There are a variety of Fourier Transforms (and Series) such as Continuous Time FT, Discrete Time FT, Discrete FT all of which are generally attributed to the fundamental assertion made by J.B.Fourier about at the beginning of 19th century, which claims (without proof) that "if a continuous-time signal (function) x(t) is periodic with T, then it is possible to represent that signal x(t) as an infinite sum of harmonically related trigonometric functions (sines and cosines) as $ x(t)= \sum{ a_k \sin { 2\pi kt \over T} + b_k \cos { 2\pi kt \over T}}$ in which the weights $a_k$ and $b_k$ (the Fourier Coefficients) represent the amount of that particular harmonic in the signal x(t) being analysed"
In fact the above argumentation is strictly for Continuous-Time Fourier Series.
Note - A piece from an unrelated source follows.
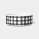 Cute rustic custom pet dog or cat bowl features farmhouse buffalo plaid check patterned background in black and white colours with double border.
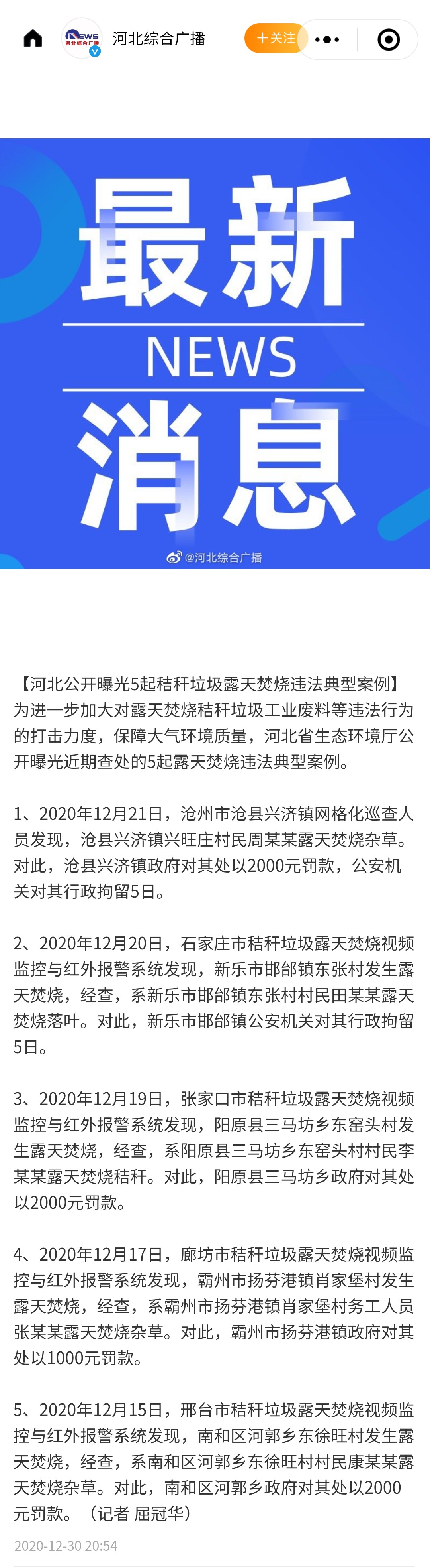 河北综合广播微博:河北公开曝光5起秸秆垃圾露天焚烧违法典型案例

But the core idea is generalised into Fourier-Transforms of aperiodic and periodic (with the help of impulse $\delta (t)$ functions) signals. There are conditions on which signals can have such a representation.
In essence, computing a Fourier Transform means finding those coefficients $a_k$ and $b_k$ for which the method is suggested by the analysis equation of the Fourier transform, while the equality in the first paragraph is noted as the synthesis equation.
Eventhough it is quite solid to understand the meaning of those sinusoids inside a periodic signal, when it comes to non-periodic signals, for which we use the Fourier Transforms, the exact meaning of what a single sine wave represents inside such a signal is a little vague and instead we emphasize the transient character of that signal under concern and the necessity of existance of a continuum of infinetely many sine waves.